Six highest dividend stocks
These six income generating stocks offer some of the FTSE 100 the highest cash yield in the index (for context, the Footsie itself offers a dividend yield of around 3.8% per annum):
| Company | Sector | stock price | 12 month change | Market value | Dividend yield |
| M&G | Asset management | 217.5 pp | +22.0% | £5.1bn | 8.5% |
| Vodafone | Telecommunications | 100.7 p | -16.7% | £27.1bn | 7.7% |
| Imperial brand | Tobacco | 1,988.5 p | +33.8% | £18.5bn | 7.1% |
| British American Tobacco | Tobacco | 3,110.5 p | +4.4% | £69.6bn | 7.1% |
| Rio Tinto | mining | 5,973 pp | -0.8% | £99.8bn | 7.1% |
| Legal & General | Asset management | 263.6 pp | +10.3% | £7.8bn | 7.1% |
As a FTSE 100 company, all of these companies are significant businesses. The smallest, M&Gworth more than £5bn, when the biggest, mega-miner Rio Tintois a nearly £100bn Goliath.
What’s more, these six dividend stocks have had mixed returns over the past 12 months. worst player, The Vodafone Group, has lost six values. Meanwhile, the star player is Imperial brandwhich has seen its share price rise by more than a third in the past year.
Amazingly, four of these six income stocks offer the same (historical) dividend yield of 7.1% annually. Two of these companies – Imperial Brands and British American Tobacco – is a cash-generating business that regularly generates profits, income, and cash dividends.
The next dividend payer on M&G shares is the asset manager, which pays 8.5%. To me, this seems like a worthy reward for the constant risk of owning this ‘boring’ stock.
I already own three of these stocks
My husband bought shares in three of these six companies last year. Today, our family portfolio includes shares in Legal & General Group, Rio Tinto, and Vodafone. We buy these dividend stocks to generate cash, with the goal of holding them for the long term.
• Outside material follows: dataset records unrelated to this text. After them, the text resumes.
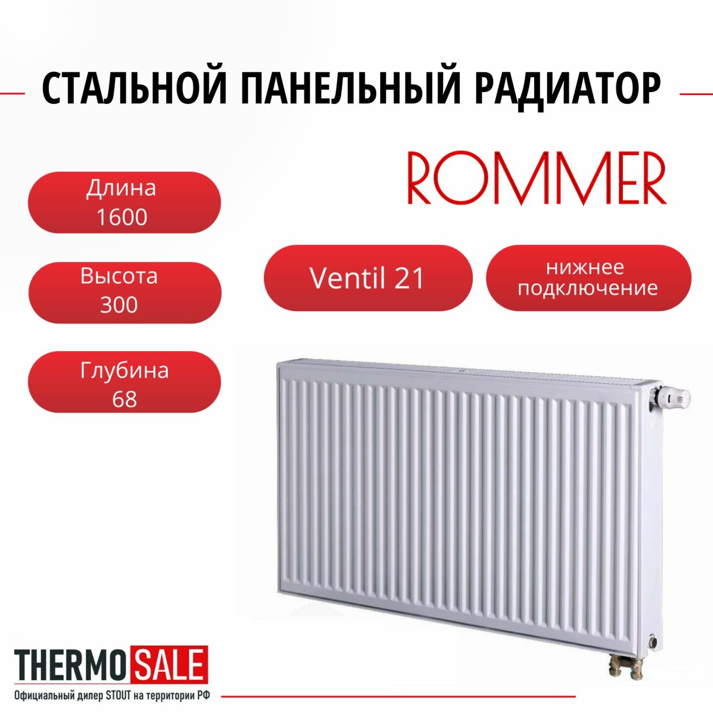 Купить Радиатор стальной панельный ROMMER 300х1600 нижнее правое подключение Ventil 21/300/1600 RRS-2020-213160
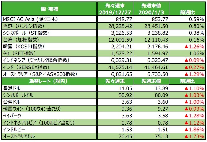 (注4)前週比は2019年12月27日から2020年1月3日まで、前月末比は2019年12月31日から2020年1月3日まで、前年末比は2019年末から2020年1月3日まで。
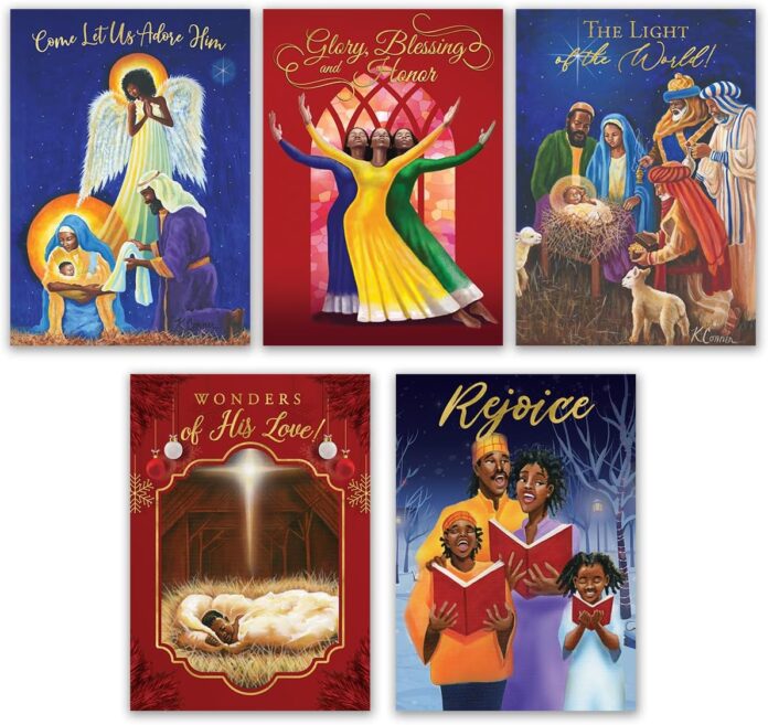 TRADITIONAL CHRISTMAS CARDS: Celebrate the reason for the season and the vibrancy of African-American culture! This collection of timeless and traditional seasonal greeting card designs feature faith-inspiring inscriptions and culturally reflective artwork gorgeously embellished with foil-stamping. Spread love, cheer, and good tidings this season with African American Expressions.
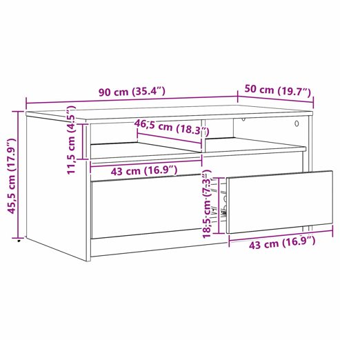 vidaXL Couchtisch Kunsthandwerk Eiche 90 x 50 x 45 cm Holzwerkstoff
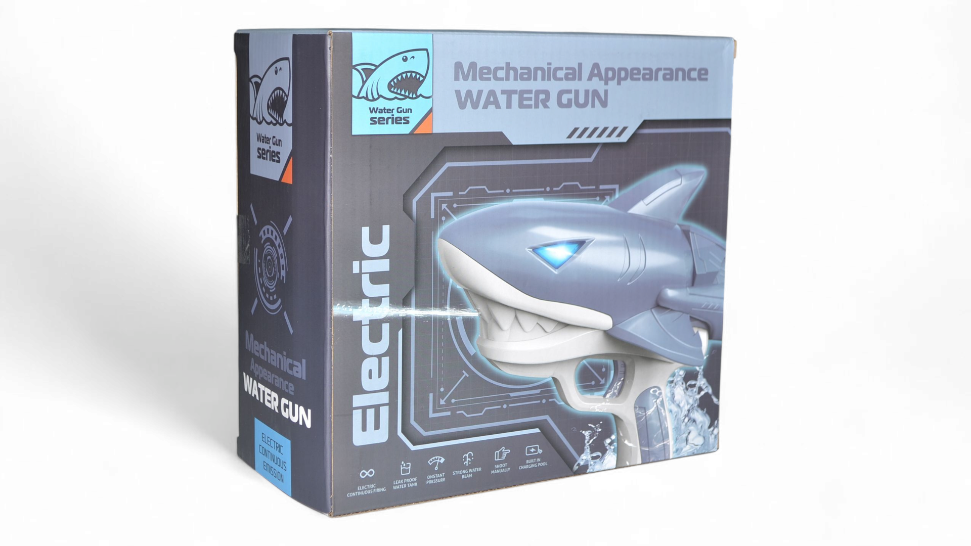 Оснащен электрическим механизмом, который обеспечивает мощную и непрерывную струю воды. Больше не нужно вручную накачивать давление – просто нажмите на курок и наслаждайтесь водной атакой! Это особенно удобно во время активных игр, когда важна скорость и маневренность.
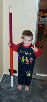 So, da ist sie nun. Der Rohbau meiner Texus / Skylark 7 ist fertig. Nun geht es an den Innenausbau. Dazu möchte ich von euren Erfahrungen profitieren. Bite schreibt mal Eure Meinungen zu folgenden Fragen: 1. Die Rakete ist 1,23 Meter hoch. Ist es besser sie als Mitten- oder Kopftrenner zu bauen? Noch ist beides möglich. 2. Kolben oder Edelstahlkühlung? Und wo einbauen? Von der Schwerpunktlage könnte ich noch Gewicht im unteren Bereich brauchen. Viele Grüße Michael P.S. Der Krümel rechts ist unser Sohn Dominic, ein echter Raketenfan ! Folgende Datei wurde angehängt:
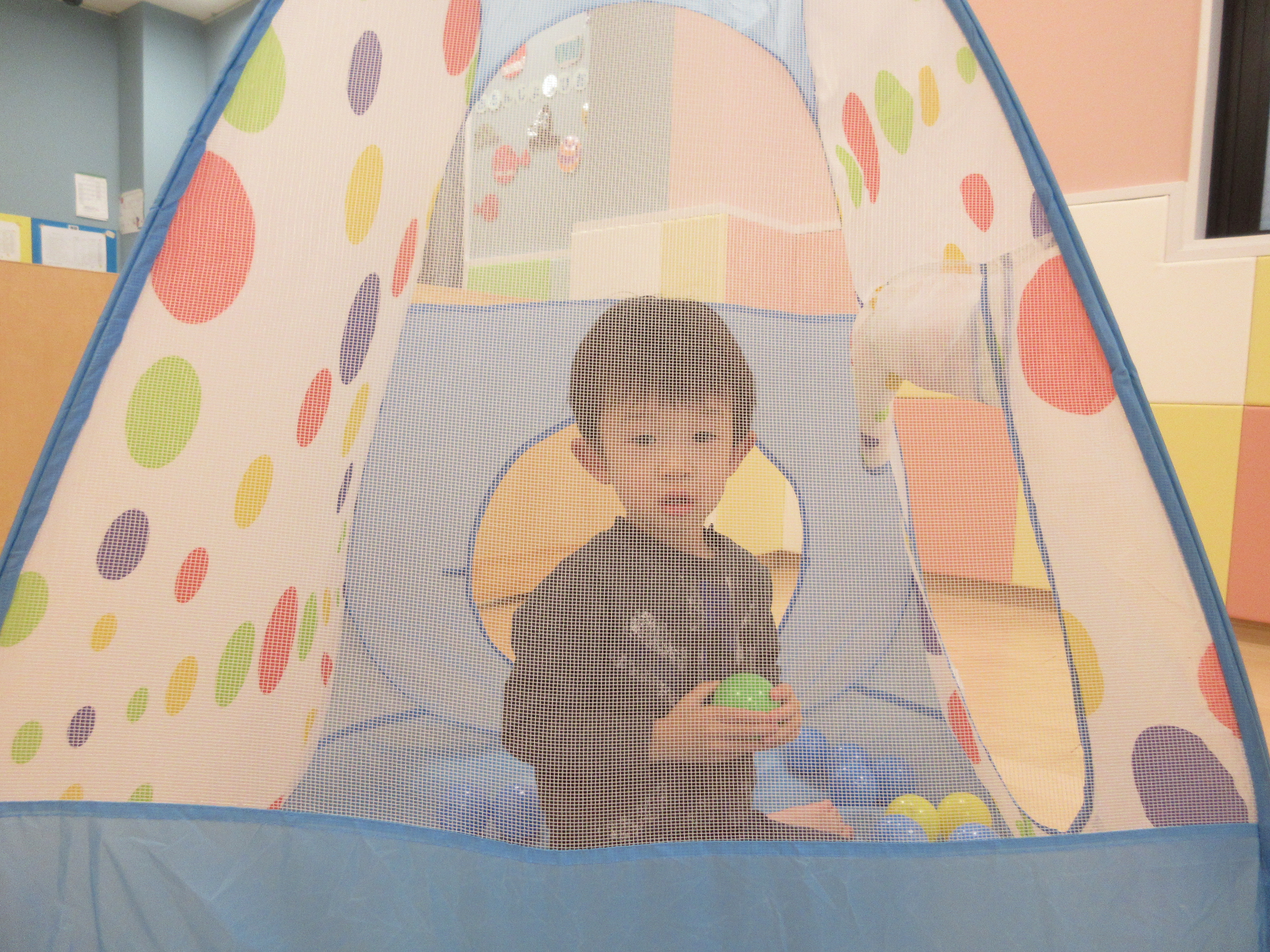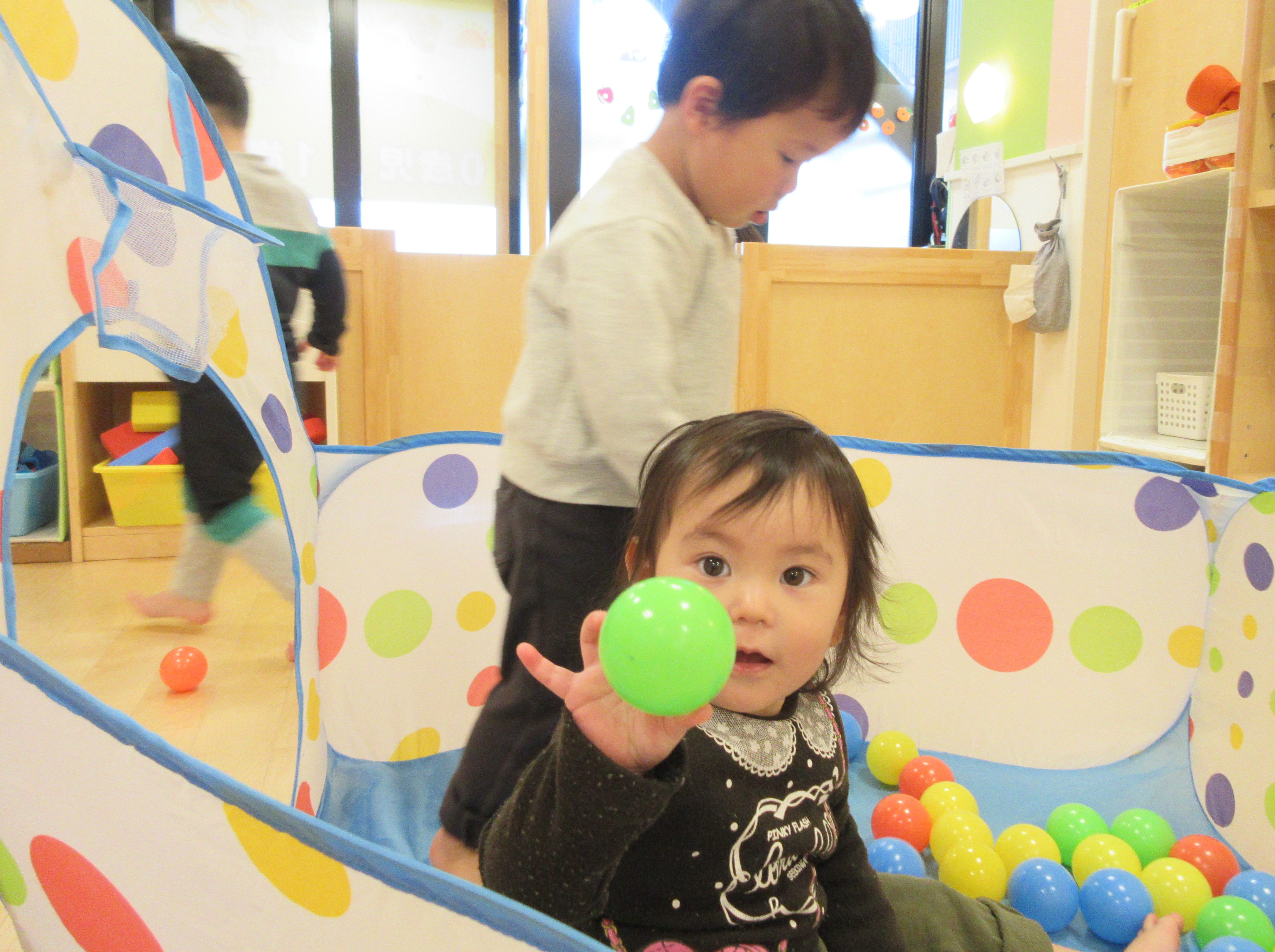 月曜日には久しぶりにボールプールで遊びました。プールを準備すると「イェーイ」と大喜びでした![]()

I would also buy the remaining three stocks (BAT, Imperial Tobacco, and M&G) for their market-beating dividend payments. However, my wife, who values ESG (environmental, social, and governance) factors in her investment strategy, does not want tobacco stocks in the family portfolio.
Therefore, although British tobacco stocks have been good long-term winners, I have no plans to buy BAT and Imperial Tobacco at the moment. Then again, I’m very interested in M&G as an addition to our portfolio. Indeed, I am looking forward to buying this dividend stock shortly after the new tax year begins on April 6th.
Finally, two warnings. First, future dividends are not guaranteed – they can be cut or canceled at any time. Second, it looks like the UK economy will enter recession this year, which could reduce corporate earnings. But as a dividend investor, I’m in it for the long haul!